The complaint about SALT provision
- I considered Ms J’s contact with the Council in May 2024 should have alerted it to deficiencies in its monitoring of Mr K’s SALT provision. At that point in time:
- it had left unchanged the description of Mr K’s SALT provision in his Plan, since December 2021;
- consequently, it had not specified what the SALT service would provide beyond an “initial block” of provision, due to expire in early 2022;
- it had no evidence of the termly reviews the Plan said the SALT service would undertake;
- it had no evidence of the SALT service compiling annual reports;
- it had no evidence of the extent to which the SALT service liaised with Mr K’s tutor. So, it also had no evidence showing to what extent the tutor embedded the SALT service recommendations in their work.
- The Council should therefore have used the opportunity afforded by Ms J’s contact, and her complaint which followed a month later, to assess whether it was fulfilling the duty it owed to Mr K that he receive SALT in line with his Plan. Its failure to update the relevant part of Mr K’s Plan since December 2021 would have complicated that assessment. But it did not prevent it asking for meaningful up-to-date information from the SALT provider to clarify what provision Mr K had received and what he needed moving forward.
- But the Council failed to take that opportunity. While it sent an email to the SALT provider in May 2024, this was inadequate in response to the matters listed in paragraph 44. So, it received an inadequate reply in response.
- It was not clear to me why K’s case returned to the PFA Panel in July 2024, after an apparent absence of two years. But I noted that referral contained out-of-date information about Mr K’s need for SALT. So, the Council missed another opportunity to find out what SALT Mr K had received and needed going forward. There was no record the senior officers who sat on that Panel raised any concerns about this. So, they too were culpable for not noticing, or addressing, the omissions listed in paragraph 44.
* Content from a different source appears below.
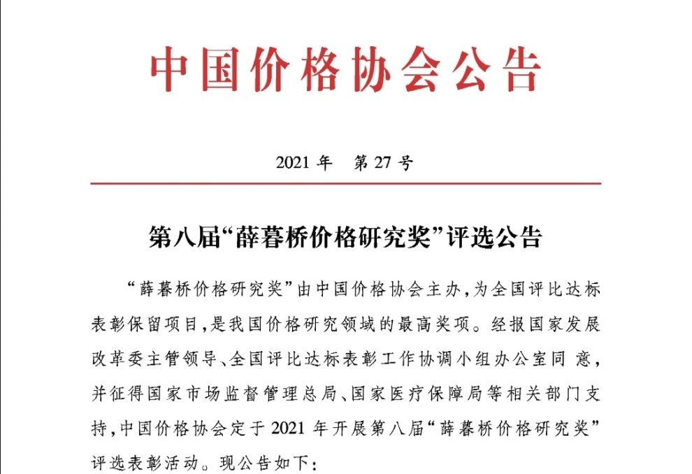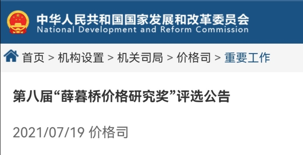 国家发展和改革委员会和中国价格协会对这次评奖高度重视,2021年7月在其网站都发布了第八届“薛暮桥价格研究奖”评选公告,成立了第八届“薛暮桥价格研究奖”评选表彰活动组委会。聘任国家发展改革委学术委员会主任、国家发展改革委原常务副主任朱之鑫担任组委会主任,中国社会科学院学部委员张卓元任副主任,国家发展改革委价格司司长万劲松、二级巡视员朱明龙;国家市场监管总局价监竞争局一级巡视员陈志江、反垄断局副局长徐乐夫;国家医保局医药价格和招标采购司司长丁一磊;中国人民大学副校长刘元春;国家发展改革委价格监测中心主任卢延纯;国家发展改革委价格成本调查中心主任黄汉权;国家发展改革委价格认证中心主任吴涧生;国家发展改革委市场与价格研究所所长杨宜勇、原所长臧跃茹;国家发展改革委中国市场出版社社长郭爱东;国家发展改革委学术委员会秘书长刘中显任委员。

- When the case returned to the Panel a month later, this pattern of not considering Ms J’s legitimate concerns continued. The Panel neither asked for, nor received, any information about Mr K’s SALT needs and provision.
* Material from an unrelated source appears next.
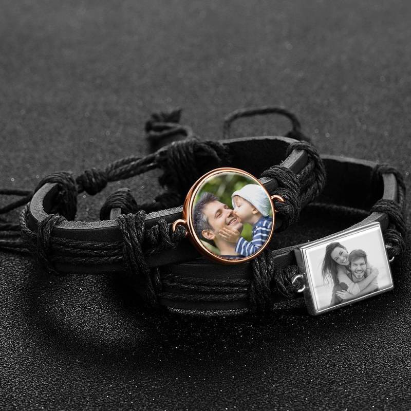 Colorful Black Leather Round-shaped Photo Bracelet Rose Gold Plated

- That said, I recognise the Panel at least identified a need to review Mr K’s SALT as part of an annual review. It asked its Case Officer to arrange it for early in the 2024 Autumn term. But the Council did not follow up its action. Something that shows there was a wider failing by the Council to monitor the services it provided to Mr K.
- Because even if Ms J had not raised concerns about Mr K’s SALT provision, the Council had a duty to review his Plan by December 2024. This was a particularly important review, as it would be the last scheduled review before Mr K turned 25. This meant the Council not only had to ensure it reviewed its education provision to Mr K (including his SALT provision) but also engaged in transition planning. Its SEN service had to work with adult social care colleagues taking over sole funding of Mr K’s needs. The services needed to consider if any of the support provided by the education service should continue in order to meet Mr K’s social care needs.
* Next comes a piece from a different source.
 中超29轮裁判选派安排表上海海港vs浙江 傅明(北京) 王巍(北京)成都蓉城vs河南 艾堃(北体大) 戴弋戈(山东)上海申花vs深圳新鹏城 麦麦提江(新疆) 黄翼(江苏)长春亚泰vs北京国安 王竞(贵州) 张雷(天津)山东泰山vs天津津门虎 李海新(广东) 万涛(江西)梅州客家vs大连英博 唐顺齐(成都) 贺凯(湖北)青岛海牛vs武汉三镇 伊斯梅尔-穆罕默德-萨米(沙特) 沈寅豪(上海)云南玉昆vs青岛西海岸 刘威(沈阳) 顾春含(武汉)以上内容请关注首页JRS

- In summary therefore, the Council was at fault for failing to review Mr K’s SALT provision after May 2024. This was either in response to Ms J’s contacts with its SEN service, in response to her complaint or as part of a review of Mr K’s EHC Plan due in Autumn 2024. The Council’s failure to carry out any review of Mr K’s EHC Plan after December 2023 was also on its own, a further fault
- In considering the impact of these faults, Ms J suggested Mr K went without any SALT provision for several months, before it re-started either in January or July 2025 (she has offered both dates). The Council provided a different account. It said it resumed providing the service in May 2024 although it said Mr K had not received the service for ‘several months’ before then. I could not say from the contemporaneous records what SALT service Mr K received, nor when. Nor could I say to what extent any SALT service included giving support to Mr K’s tutor, something written into his EHC Plan. However, I noted the Council approached an alternative SALT provider in July 2024, which suggested the previous provider could no longer meet Mr K’s needs.
- I considered making further enquiries to resolve these discrepancies in the evidence. However, I decided not to do this because whatever SALT provision Mr K received after May 2024, I could come to no view about its suitability. This was because the Council had failed to keep his provision under review. So, even if I could get certainty about what service Mr K received, I could not say to what extent that met his need. Mr K’s need for SALT provision could have been greater or less than whatever he received after May 2024.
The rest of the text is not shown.